## [THE TASK]
An exact, complete copy of the entries below is required, minus any pictures.

## [DATA IN THIS EXERCISE]
Start of Block

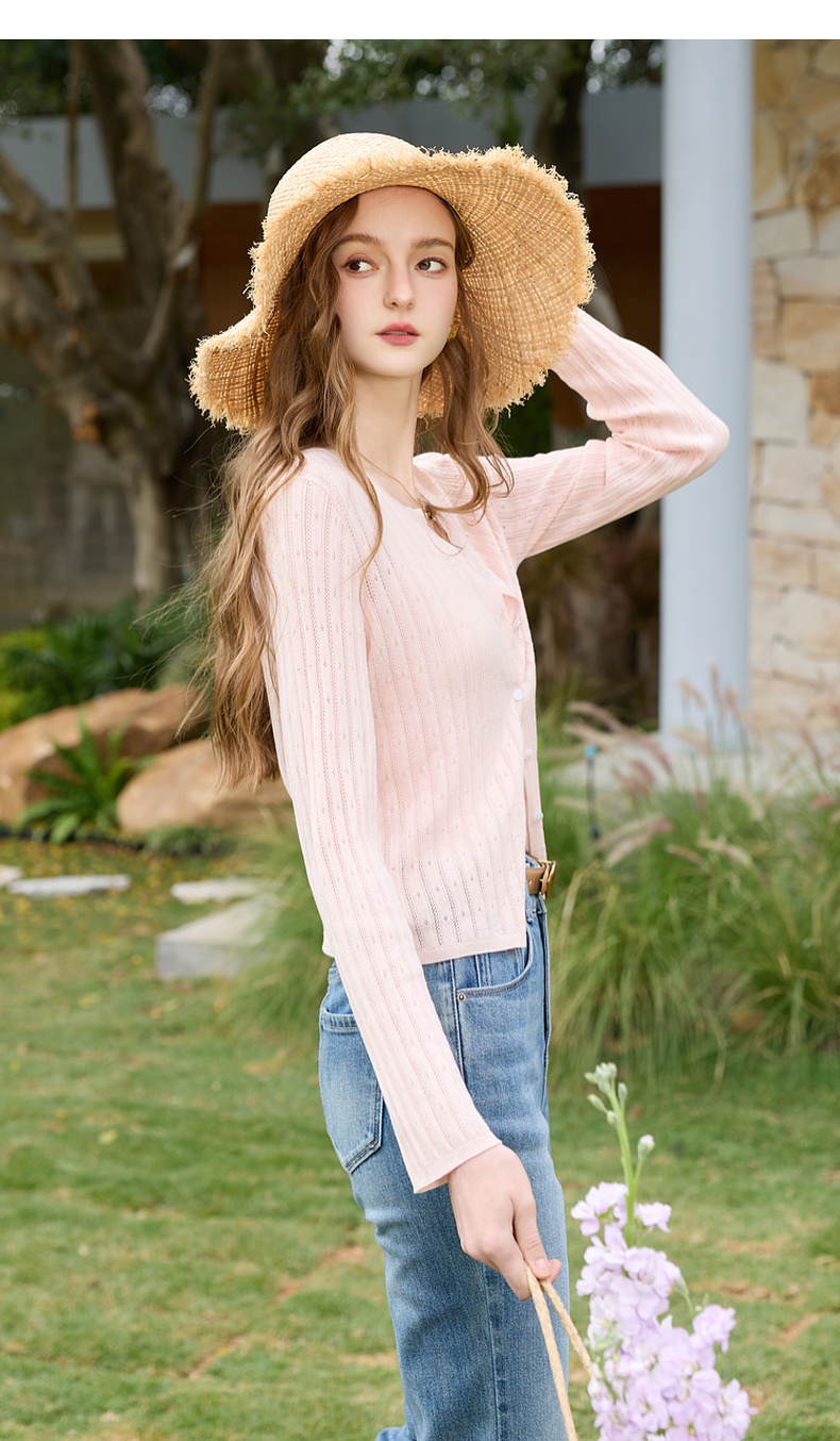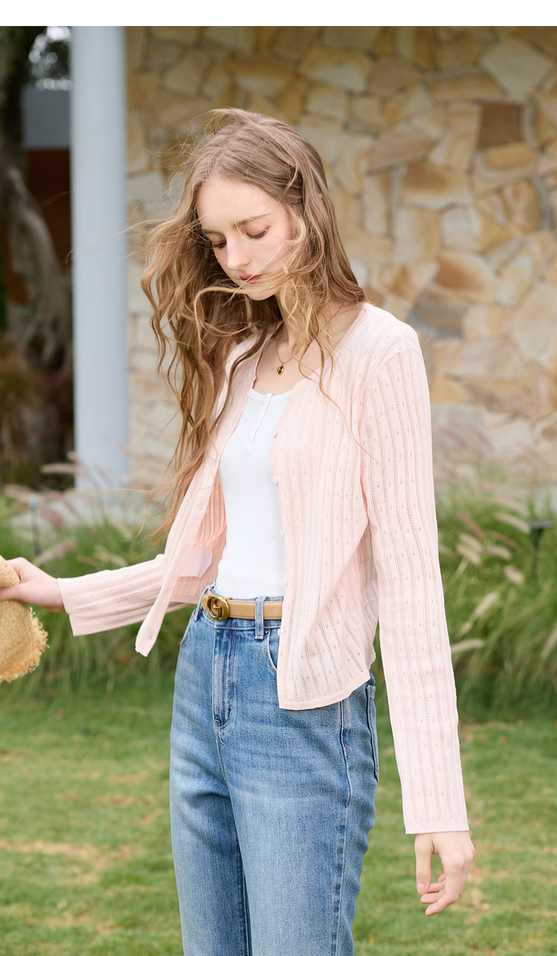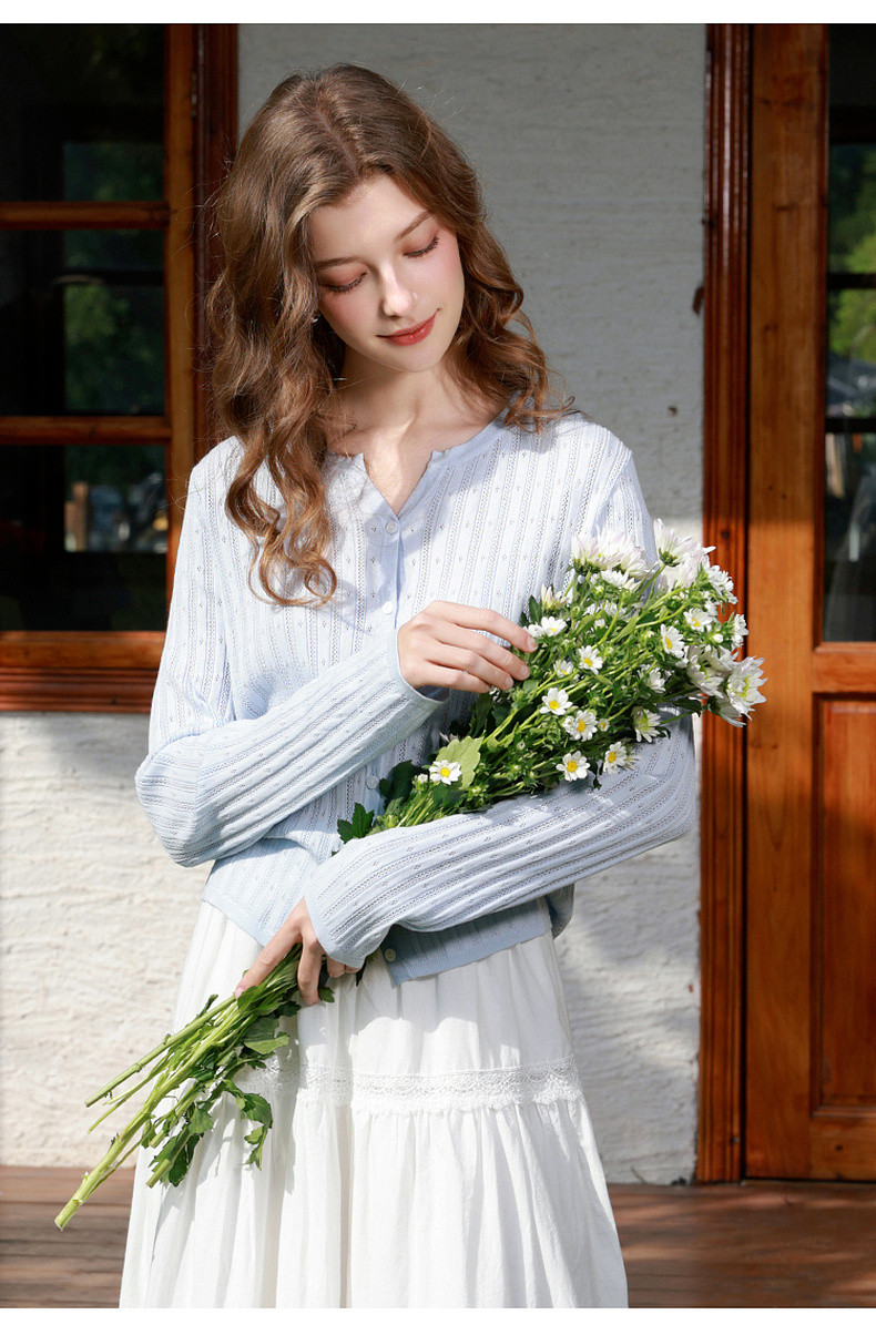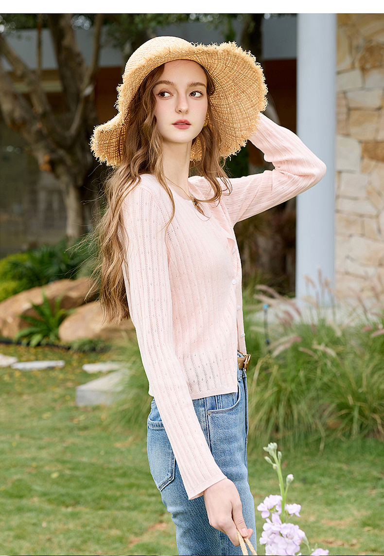 【莱赛尔醋酸长绒棉】三彩2026春季新款长袖针织衫外套轻薄开衫M
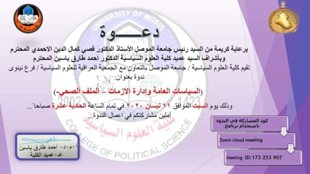 شارك عدد من تدريسيي كلية التربية للبنات في الندوة العلمية الالكترونية الموسومة بـ”السياسيات العامة وإدارة الازمات -الملف الصحي-” والتي جرت يوم السبت الموافق 11 نيسان 2020 برعاية السيد رئيس جامعة الموصل وبالتعاون بين كلية العلوم السياسية والجمعية العراقية للعلوم السياسية / فرع نينوى، اذ شارك الدكتور فؤاد سالم اسماعيل، والدكتور زياد مظفر الراوي، والمدرس حسام مال الله الطائي، في الورشة التي تناولت كيفية ادارة الأزمة للملف الصحي.
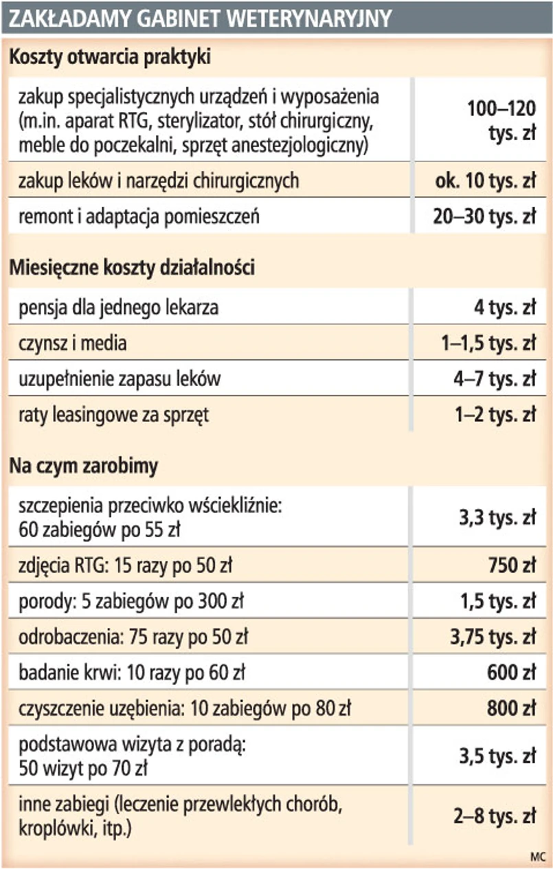 GP policzyła, że otwarcie gabinetu kosztuje od 130 do 160 tys. zł. Najwięcej pochłoną zakupy specjalistycznego sprzętu i wyposażenia. Na obowiązkowej liście niezbędnych urządzeń znajdują się m.in. aparat RTG, sterylizator, stół chirurgiczny, sprzęt anestezjologiczny, stetoskop, termometry, meble do poczekalni. Początkowe koszty otwarcia gabinetu można obniżyć, starając się o leasing najdroższego sprzętu. Należy jednak pamiętać, że taka operacja będzie oznaczała znaczną podwyżkę miesięcznych kosztów funkcjonowania firmy, które w przypadku placówek leczących zwierzęta nie należą do najniższych.
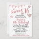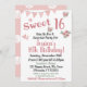 Convite de aniversário de 16 anos Sweet, flores cor-de-rosa
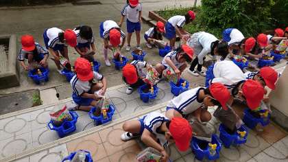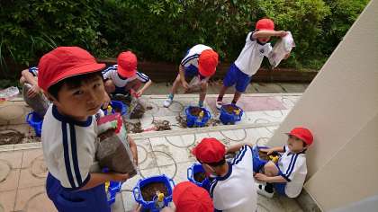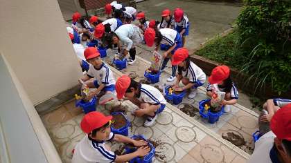 1年3組の生活科です。アサガオの種を植木鉢に植えました。
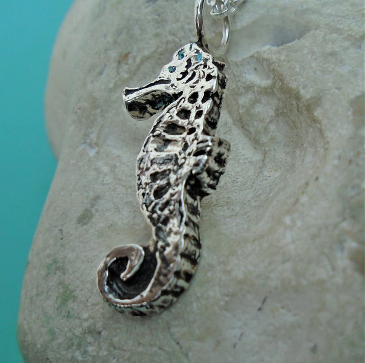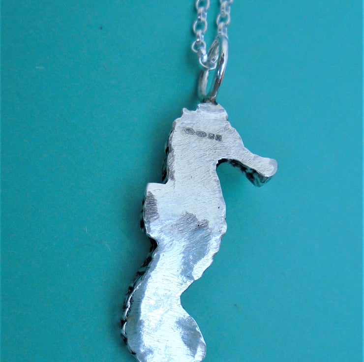 A mould was made by hand and then filled with recycled fine silver (pure silver) to create this solid fine silver seahorse pendant. The details of the pendant are highlighted by a patina silver finish.
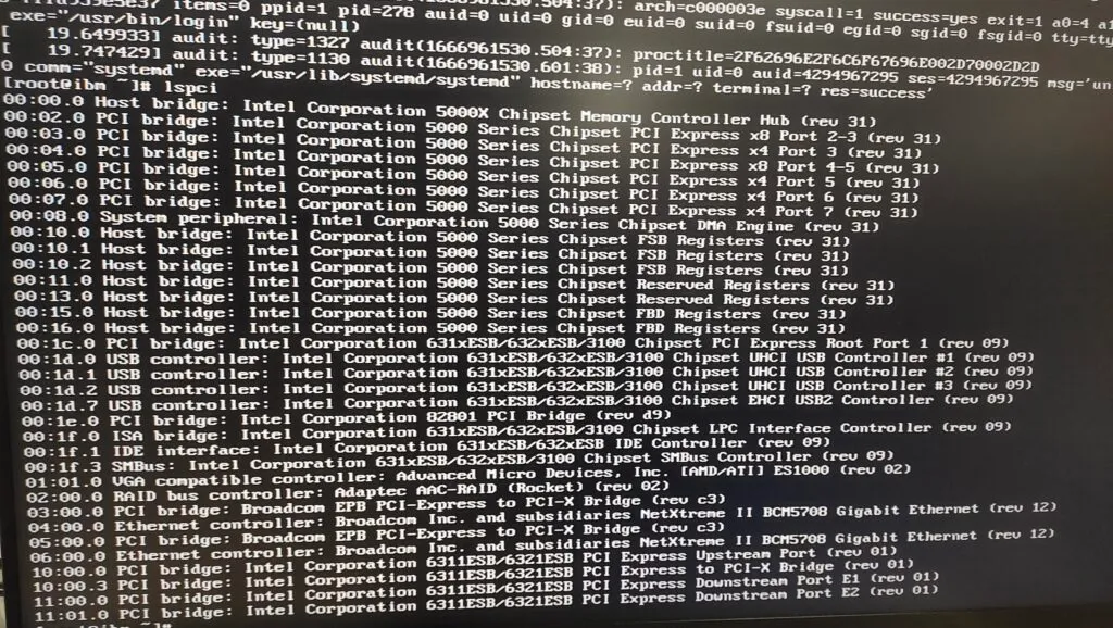 lscpi。其中注意到这个服务器的显卡是 ATI 的 ES1000,这个卡在 IBM 服务器经常见到。
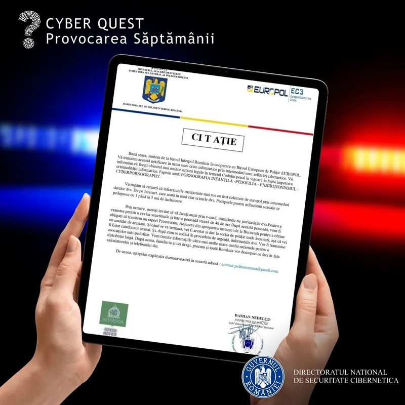 Experții de la Directoratul Național pentru Securitate Cibernetică avertizează cu privire la escrocheriile care circulă în numele autorităților de aplicare a legii, cum sunt Poliția, Europol sau Interpol.

End of Block

## [TASK SOLUTION]
 【莱赛尔醋酸长绒棉】三彩2026春季新款长袖针织衫外套轻薄开衫M
 شارك عدد من تدريسيي كلية التربية للبنات في الندوة العلمية الالكترونية الموسومة بـ”السياسيات العامة وإدارة الازمات -الملف الصحي-” والتي جرت يوم السبت الموافق 11 نيسان 2020 برعاية السيد رئيس جامعة الموصل وبالتعاون بين كلية العلوم السياسية والجمعية العراقية للعلوم السياسية / فرع نينوى، اذ شارك الدكتور فؤاد سالم اسماعيل، والدكتور زياد مظفر الراوي، والمدرس حسام مال الله الطائي، في الورشة التي تناولت كيفية ادارة الأزمة للملف الصحي.
 GP policzyła, że otwarcie gabinetu kosztuje od 130 do 160 tys. zł. Najwięcej pochłoną zakupy specjalistycznego sprzętu i wyposażenia. Na obowiązkowej liście niezbędnych urządzeń znajdują się m.in. aparat RTG, sterylizator, stół chirurgiczny, sprzęt anestezjologiczny, stetoskop, termometry, meble do poczekalni. Początkowe koszty otwarcia gabinetu można obniżyć, starając się o leasing najdroższego sprzętu. Należy jednak pamiętać, że taka operacja będzie oznaczała znaczną podwyżkę miesięcznych kosztów funkcjonowania firmy, które w przypadku placówek leczących zwierzęta nie należą do najniższych.
 Convite de aniversário de 16 anos Sweet, flores cor-de-rosa
 1年3組の生活科です。アサガオの種を植木鉢に植えました。
 A mould was made by hand and then filled with recycled fine silver (pure silver) to create this solid fine silver seahorse pendant. The details of the pendant are highlighted by a patina silver finish.
 lscpi。其中注意到这个服务器的显卡是 ATI 的 ES1000,这个卡在 IBM 服务器经常见到。
 Experții de la Directoratul Național pentru Securitate Cibernetică avertizează cu privire la escrocheriile care circulă în numele autorităților de aplicare a legii, cum sunt Poliția, Europol sau Interpol.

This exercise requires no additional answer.